(EXERCISE DETAILS)
A faithful copy of the listing below is needed, one that contains no pictures.

(DATASET CONTENT)
--*--
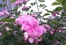 丰花月季是蔷薇科、蔷薇属植物。灌木,高0.9-1.3米,小枝具钩刺或无刺、无毛,羽状复叶,小叶5-7片,宽卵形或卵状长圆形,长2.3-6.0厘米,先端渐尖,基部近圆形或宽楔形。具尖锯齿,无毛。…全部>>
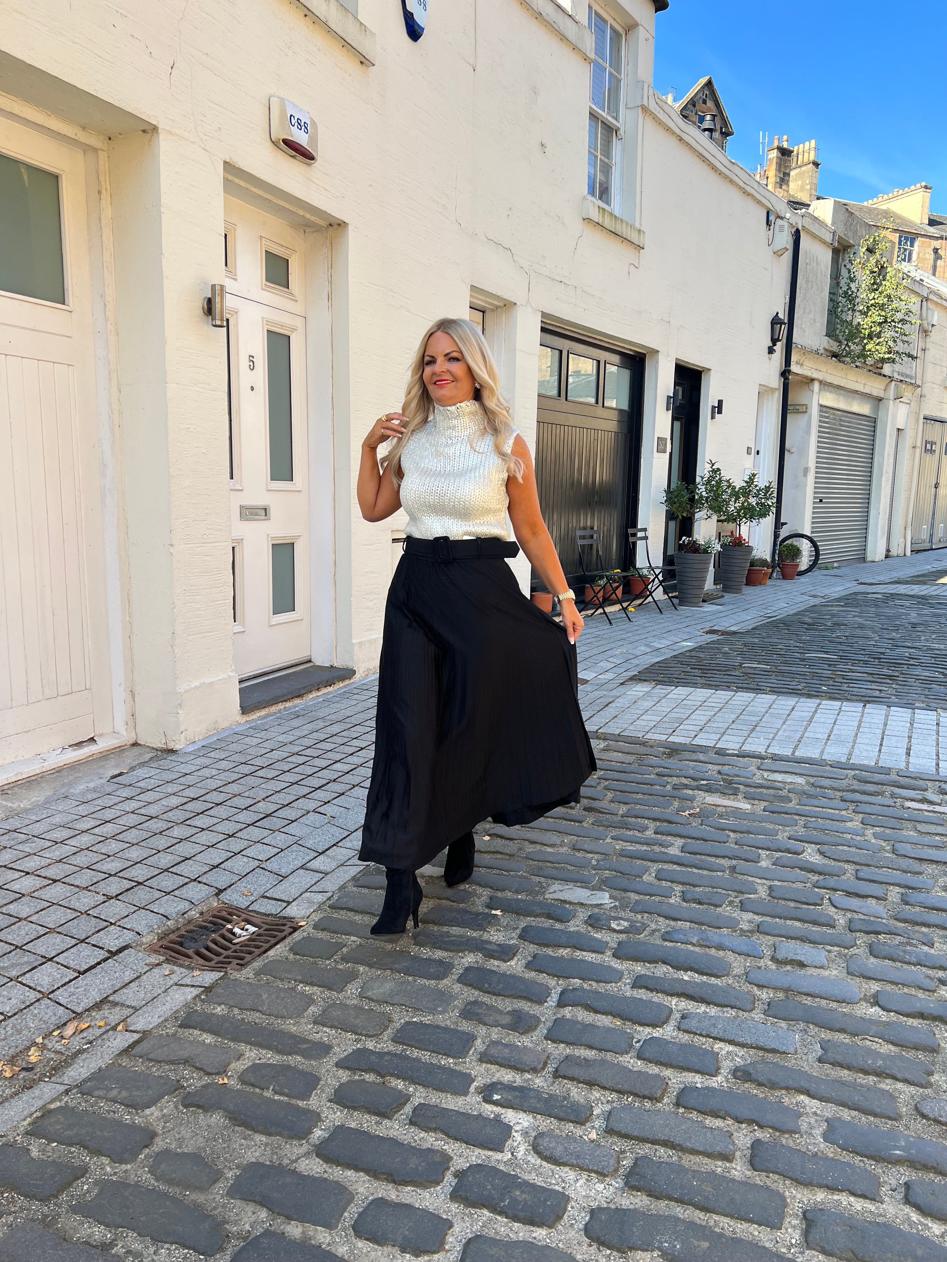 Our cosy Hayley knitted top features a high neck and silver metallic detailing over the cream wool. Style with a pair of leather leggings or jeans and boots to complete the look!
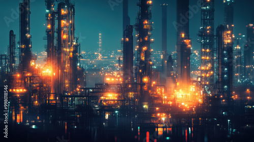 Fototapeta premium image showcases vibrant petrochemical production plant illuminated at night,...
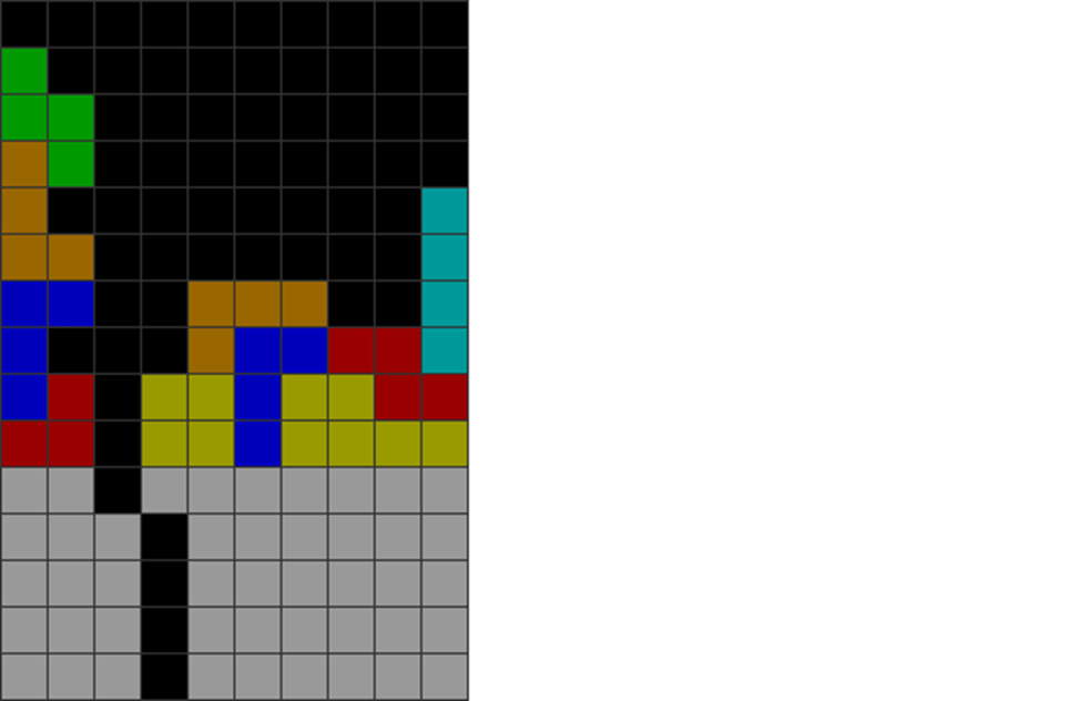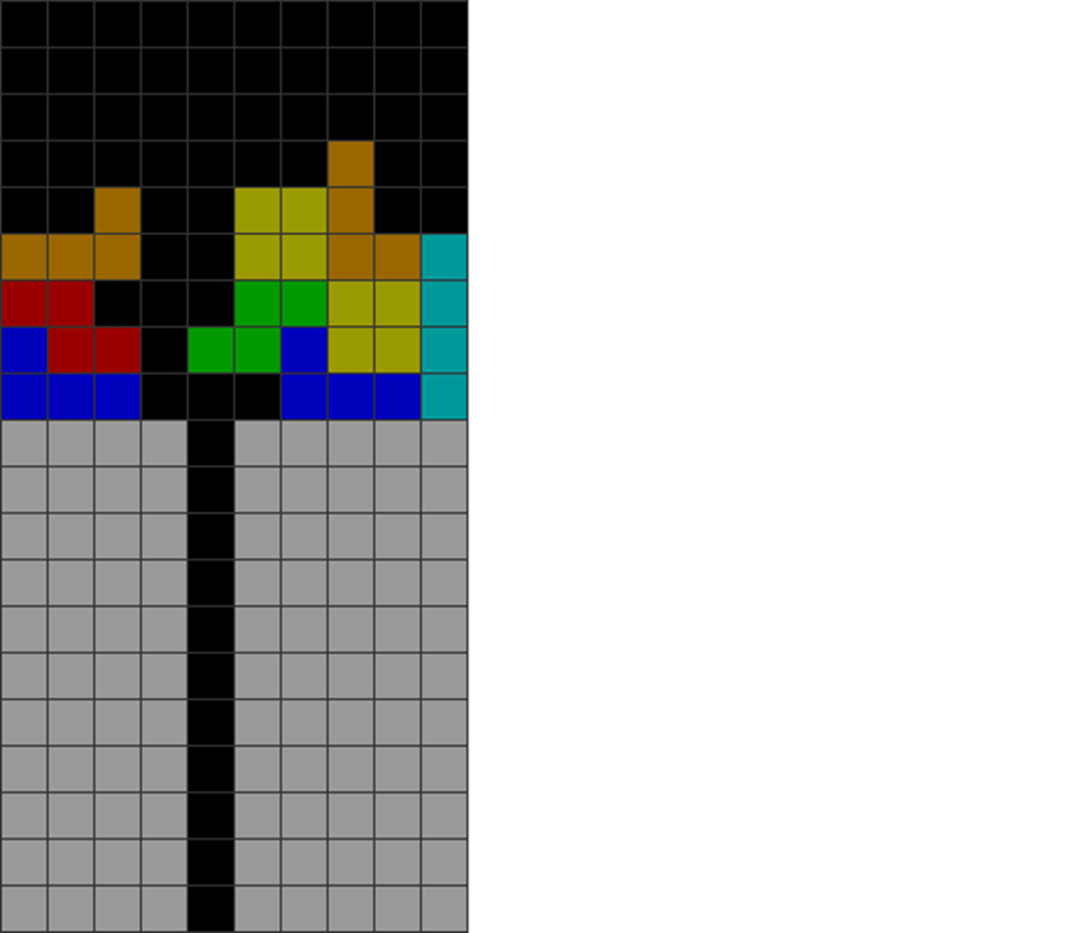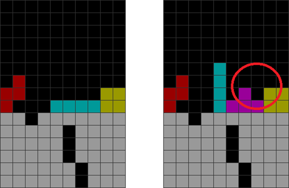 Here, the player couldn’t get the T in time and is forced to place incoming pieces over the holes as there’s nowhere else to put them.
--*--
(EXERCISE ANSWER)
 丰花月季是蔷薇科、蔷薇属植物。灌木,高0.9-1.3米,小枝具钩刺或无刺、无毛,羽状复叶,小叶5-7片,宽卵形或卵状长圆形,长2.3-6.0厘米,先端渐尖,基部近圆形或宽楔形。具尖锯齿,无毛。…全部>>
 Our cosy Hayley knitted top features a high neck and silver metallic detailing over the cream wool. Style with a pair of leather leggings or jeans and boots to complete the look!
 Fototapeta premium image showcases vibrant petrochemical production plant illuminated at night,...
 Here, the player couldn’t get the T in time and is forced to place incoming pieces over the holes as there’s nowhere else to put them.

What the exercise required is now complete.